It is often difficult to determine a priori when potential concurrency in an application is valuable. One mechanism to obtain decent performance in this environment is to make heavy use of nested tasks with 'enqueue/call', relying on the majority of tasks to be executed sequentially, while still leaving opportunity for tasks to be executed concurrently. However, in this environment, first-come-first-served scheduling tends to produce a pathologically large number of concurrent tasks. Better is to have each processor maintain its own double-ended queue. A processor usually pushes and pops from the front of that queue. However, when the queue is empty, the processor can steal from the rear of another processor. With this approach, processors tend to steal large task that other processors are not working on, and the number of tasks executed concurrently tends to be much more managable.

Execution Policies

Whenever multiple sender actions exist, the implementation needs policies on which action to choose. The simplest policy is to simply execute a user-specified action. However, more useful policies offer the implementation a range of policies within which it can chose to best use system resources.

We anticipate the following policies and the actions they are permitted to perform.

immediate: fork
arbitrary_sync: fork or delay, but containing arbitrary synchronization so that threads may not be limited by count
fairly_soon: fork or delay, but with a hint that the work is of significant priority
whenever: fork or delay, but with a hint that the work is of lower priority
speculative_concurrency: fork, delay, or enqueue, but with a hint that actual concurrency is on an "if available" basis
speculative_execution: fork, delay, or enqueue, or defer but with a hint that the value may not be requested and actual concurrency is on an "if available" basis

Thread Pools

Surprisingly, thread pools have no impact on the discussion above. However, the implementation of both async and future may be significantly affected. In particular, the need to establish a happens-before relationship between the last thread-local-storage destruction and returning the future value requires an intrusive implementation of async, a modification of futures to store std::thread for joining, or new language facilities.

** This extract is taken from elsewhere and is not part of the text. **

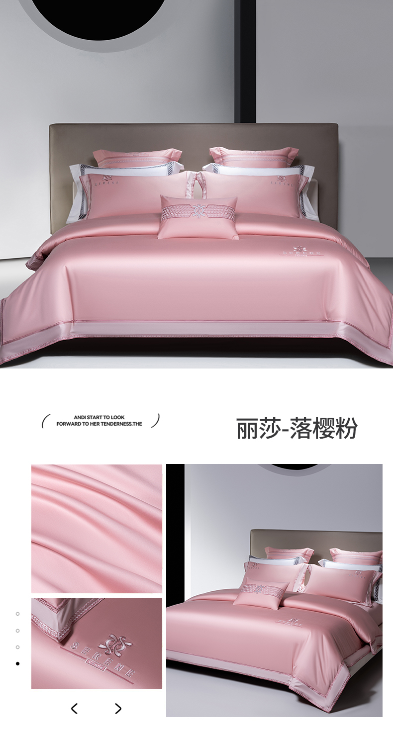商品名称:高大尚婚庆馆 2025新款长绒棉高端绣花四件套 丽莎 落樱粉

Design and Implementation Choices

Existing future designs and implementations are based on a set of actions that the future supports. As the set o factions expand, the representation may also increase. In this section, we look at some of the representations.

Future Representation and Storage

The representation and storage required by a future depends on the actions supportd by that future. The representation is the fields allocated within the class itself. The storage is the dynamic data.

storage pointer: references the dynamic storage used to communicate between the worker thread and the receiver. This pointer is needed if and only if there is any storage,
call action: indicates the action used to create the future. This information is only necessary when capturing multiple actions within the same type. In some cases, the a null storage pointer is sufficient indication of the call action, in which case we omit this field and mark the storage pointer with an asterisk.
value/exception: stores the returned value, or any uncaught exception.
mutex&condvar: enables locking and waiting.
std::function: enables task stealing and speculative execution.

Future designs, actions, and representation
Future Design	Sender Actions	Receiver Actions	Representation	Storage
N2671 `unique_future` (working draft)	Fork, Delay	Retrieve, Wait, Check	storage pointer	value/exception, mutex&condvar
N2889 `joining_future`	Fork, Delay, Defer	Wait&Retrieve, Call	storage pointer*, `std::thread`, `std::function`	value/exception, mutex&condvar
N2901 `unique_future`	Fork, Delay, Defer	Retrieve, Wait, Check, Call, Dequeue, Morph	storage pointer*, `std::function`	value/exception, mutex&condvar
this paper, excepting invoke	Fork, Delay, Enqueue, Defer	Retrieve, Wait, Check, Call	storage pointer*, `std::function`	`std::thread`, `std::function`, value/exception, mutex&condvar, queue handling

FIX: We don't need all fields in all copies of the future.

The draft future design from N2671 is underspecified with respect to async and thus cannot distinguish between the fork, delay, and invoke actions.

Paper N2889 added an additional future that supported actions 'fork/delay' and 'defer&call'.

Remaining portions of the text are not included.